╭─ DATA

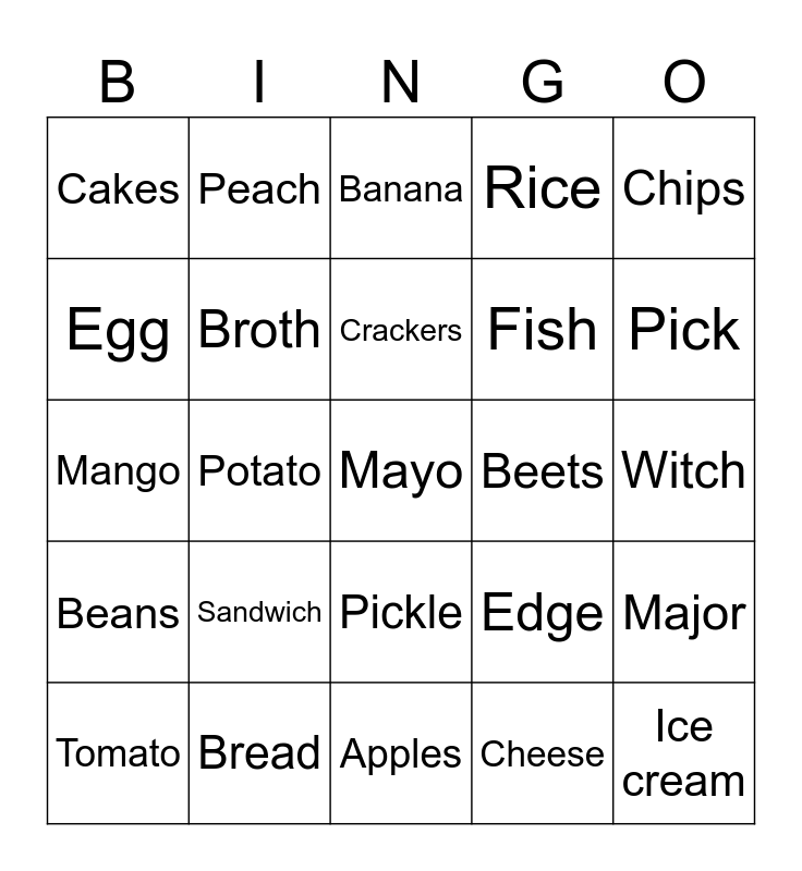 This bingo card has a free space and 24 words: Sandwich, Bread, Crackers, Tomato, Chips, Cakes, Egg, Peach, Beets, Pickle, Fish, Mango, Edge, Major, Broth, Cheese, Witch, Banana, Pick, Potato, Ice cream, Beans, Rice and Apples.
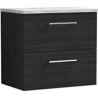 Nuie Arno WH 2-Drawer Vanity Unit & Grey Worktop 600mm - Charcoal Woodgrain
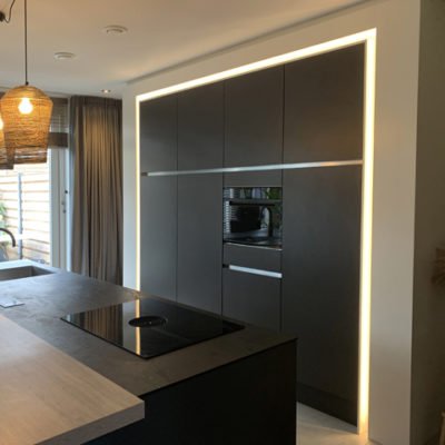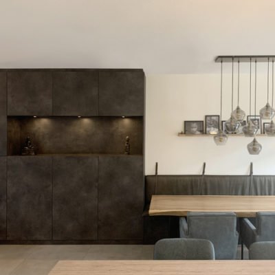 In de nieuwe inrichting is gekozen voor een royale maatwerkkast langs de lange wand, met sfeervolle nissen en geïntegreerde verlichting. Aansluitend is er een wandbank op maat ontworpen, afgewerkt met leren zit- en rugkussens. Alles is uitgevoerd in Decolegno panelen voor een warme, eigentijdse uitstraling.
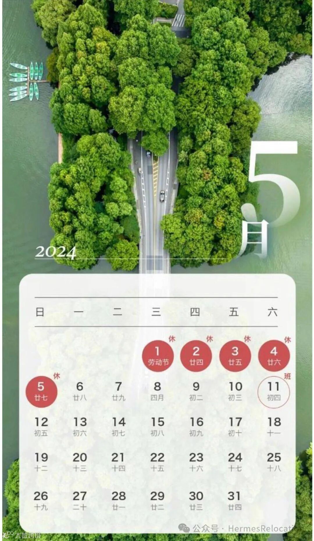 May Day Holiday(Labour's Day holiday,Lao dong jie), 5 days holiday, May1. -May 5,2024.Pay attention May 11 is a working day

╰─

--- TASK BRIEF ---
Only the lines from the first line of the data above through the line with "Nuie Arno WH" should appear in the answer, retyped exactly, with every picture left out.

--- EXERCISE ANSWER ---
 This bingo card has a free space and 24 words: Sandwich, Bread, Crackers, Tomato, Chips, Cakes, Egg, Peach, Beets, Pickle, Fish, Mango, Edge, Major, Broth, Cheese, Witch, Banana, Pick, Potato, Ice cream, Beans, Rice and Apples.
 Nuie Arno WH 2-Drawer Vanity Unit & Grey Worktop 600mm - Charcoal Woodgrain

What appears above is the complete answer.